Hussey has been painting on canvas for about four years now, but he says that his first love are his works on paper. After years away from paper, Hussey has returned to this passion in Badeschiff. “My works on paper, you can see the spontaneity and the pencil marks, just as you would do it,” he says. “I had avoided working on paper for so long because I was tired of the cost of framing, frankly. But I love the way paper responds to materials. A lot of customers want the stuff that’s more graspable.”


This practical side of Hussey — creating works that sell — speaks to his condition as a modern working artist. Hussey cares deeply about the work he creates, but that doesn’t mean he doesn’t want to make a living off of it. “Charleston’s not easy at all,” he admits. “Sometimes I wonder why I’m doing it. I get so excited to get this place ready, get everybody here. I lose steam if I think too hard about the reality of what comes from it sometimes. I go through times when it’s really flush and times when I think, ‘What am I, crazy?'”

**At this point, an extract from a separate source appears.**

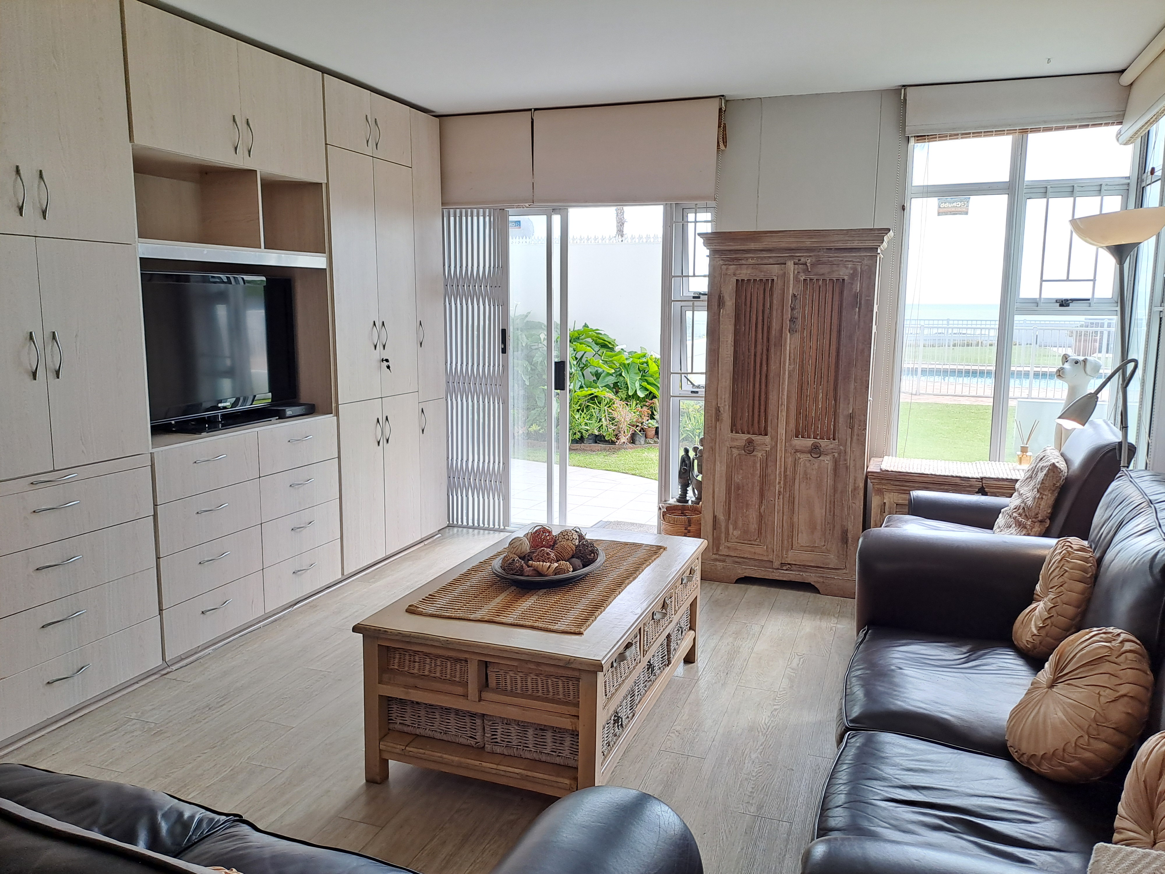 Step out from your lounge or main bedroom onto a generous patio and private garden, just a few steps from the shimmering swimming pool and the communal braai area, where evenings often end with laughter, the smell of the sea, and the sound of the surf.

Crazy or not, Hussey has found his way through this past year with the help of those canvases propped against his studio wall. “I’ve hit a new level,” he says. “I don’t know if you ever really do or what my answer really is, but, I’ve started to find my way. That’s why the styles changed through the months. Because I was totally lost. I was distracted. It’s really hard to care or understand art when you’re grieving or going through shit. The pool for me is a groove.”

“Day to day, things are growing,” says Hussey. “That’s sort of happening toward the end.” He pulls several canvases away from a smaller, dark one, the last in a line of months of work. There’s an image of a girl, a peaceful look on her face, something tangible in a sea of Hussey’s abstract works. “This one is about the promise of the future,” he says. “Kind of like Pandora’s box a little bit. There’s the innocence of the child and what the future holds. She’s sort of in the box but she’s also holding it at the same time. It’s really positive to me.”